As the ceremony ended and China's most senior leaders got up to leave, shaking hands with each other and talking in groups, Bo stood quickly and strode off the stage without stopping to speak with anyone.

Waiting in the wings were officers of the elite Central Guard Unit charged with guarding China's top leaders, who led him away, according to two people with knowledge of the matter.

As of September, 2012, that was the last time Bo was seen in public or spoke to any members of his family.

As Bo was taken away, Chinese Premier Wen Jiabao stepped out onto the stage in another part of the building to present his annual live televised press conference to the nation. Without ever mentioning Bo by name, he delivered a scathing verdict on the Chongqing model and Bo's political legacy, saying the city's leaders needed to “seriously reflect” on their actions and warning that China could see a replay of the Cultural Revolution if it pursued the wrong policies.

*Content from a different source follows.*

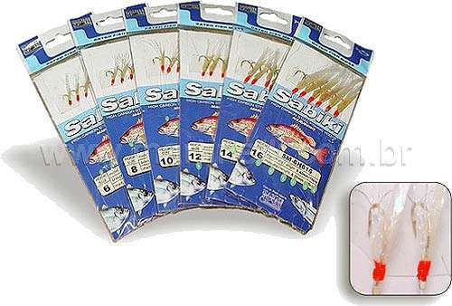 Chicote com 6 anzóis modelo MARUSEIGO já com isca (PENINHA e ESCAMA PRISMATICA).
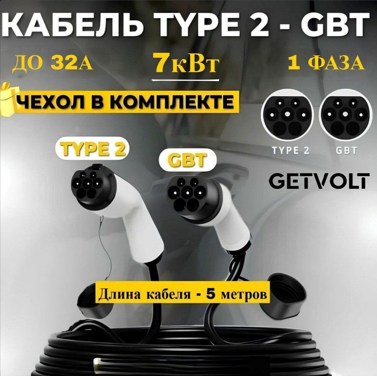 10 цен на Зарядный кабель для электромобиля Type2-GBT 5м 7кВт

In a hint of just how much trouble Bo was in, Wen said the government had launched a “special investigation” into Wang Lijun's spectacular escape and the results would be made public so it could “withstand the test of law and history”.

The next morning, on March 15, the government released a terse statement announcing that Bo had been removed as Party secretary of Chongqing and replaced by Zhang Dejiang, a North Korea-trained economist and another leading contender for a spot on the Politburo standing committee in autumn 2012. In a symbolic coincidence, his downfall came on the ides of March.

At this stage, most China-watching political analysts believed Bo's chances of making it on to the standing committee were effectively finished but that he was still likely to be given a more ceremonial role and allowed to live out his days in peace.

In fact, he had been held temporarily in a villa in the Communist seaside resort of Beidaihe while a number of his associates, including the Dalian businessman Xu Ming, were also detained in connection with his case.

At around the same time, Gu Kailai and her accomplice Zhang Xiaojun were arrested on suspicion of murdering Neil Heywood.

News of their arrest and Bo's formal suspension from the Politburo on suspicion of “serious discipline violations” did not come until almost a month later, on April 10, 2012.

Late that evening Chinese state media released another terse statement on the charges, which for the first time explicitly connected the family to Heywood's murder.

In the intervening weeks, Beijing was awash with wild rumours of attempted coups, splits in the leadership and a widening investigation that implicated other top members of the ruling elite.

But public acknowledgement that two of the most prominent members of the country's “red aristocracy” were accused of heinous crimes made it official that China's ruling party was facing its worst internal crisis since the 1989 Tiananmen massacre.

“The downfall of Bo Xilai represents the biggest challenge to the Communist party's legitimacy in more than two decades,” says Cheng Li, the expert in Chinese politics at the Brookings Institution. “It potentially could prompt a challenge to the entire political system.”

In addition to sketchy reports of a clean-up within the ranks of the military, at least one other senior Party figure was badly hurt by Bo's political demise.

Zhou Yongkang, the Politburo standing committee member in charge of domestic security and espionage, was seen as Bo's staunchest ally and in the wake of Bo's downfall he was forced to make at least one humiliating “confession” to senior colleagues.

According to senior Party officials, Zhou's power over the country's pervasive domestic security forces was greatly curtailed and he lost a say in the leadership overhaul due to be unveiled in October 2012.